Supplied records START
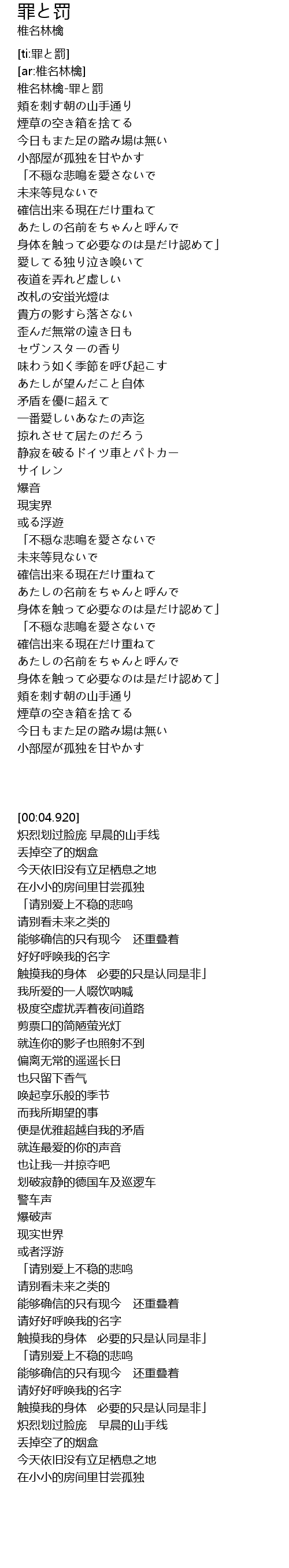 | [00:04.920] | 椎名林檎-罪と罰 |
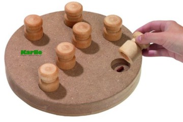 Der Doggy Brain Train ist 2seitig und hat einen Durchmesser von 32cm. Es ist ein Brettspielzeug aus weichem Holz. Die Motivation ihres Hundes erfolgt durch Leckerchen.
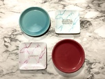 形は、写真に掲載されている、丸皿、ボウル、マグカップの他に、もう少し大きな丸皿もあるそうです。筆者が訪れたダイソーでは、人気商品のためか、大きいサイズの丸皿は見つけることができませんでした……。
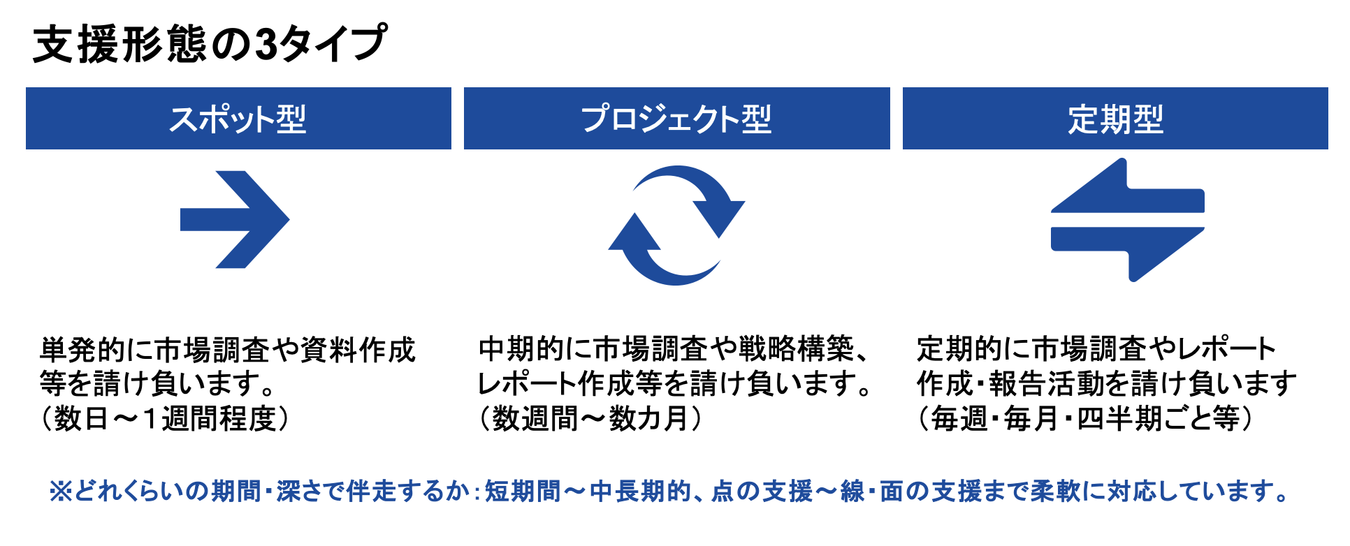 - 市場調査や資料作成などの支援を、単発・短期間で依頼できるスポット型から、中期的なプロジェクト型、継続的に伴走する定期型まで3つの形態で提供。
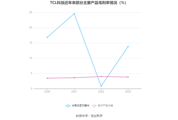 分产品看,半导体显示器件、电子产品分销2023年毛利率分别为13.82%、3.85%。
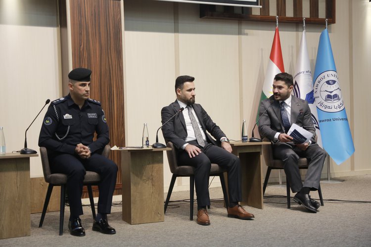 The seminar was held in the presence of Prof. Dr. Hoger Taher Tawfiq, Vice President of Nawroz University for Administrative, Financial, and Student Affairs, along with college deans, faculty members, and students, and was organized in coordination with the General Directorate of Social Welfare, the General Directorate of Traffic in Duhok Governorate, the Duhok Customs Directorate, and the Bahdinan Institute (NGO).
Supplied records END
Starting with the first line of the data above and ending with the line containing "Der Doggy Brain", please restate every line exactly, leaving images out.

= Your response =
 | [00:04.920] | 椎名林檎-罪と罰 |
 Der Doggy Brain Train ist 2seitig und hat einen Durchmesser von 32cm. Es ist ein Brettspielzeug aus weichem Holz. Die Motivation ihres Hundes erfolgt durch Leckerchen.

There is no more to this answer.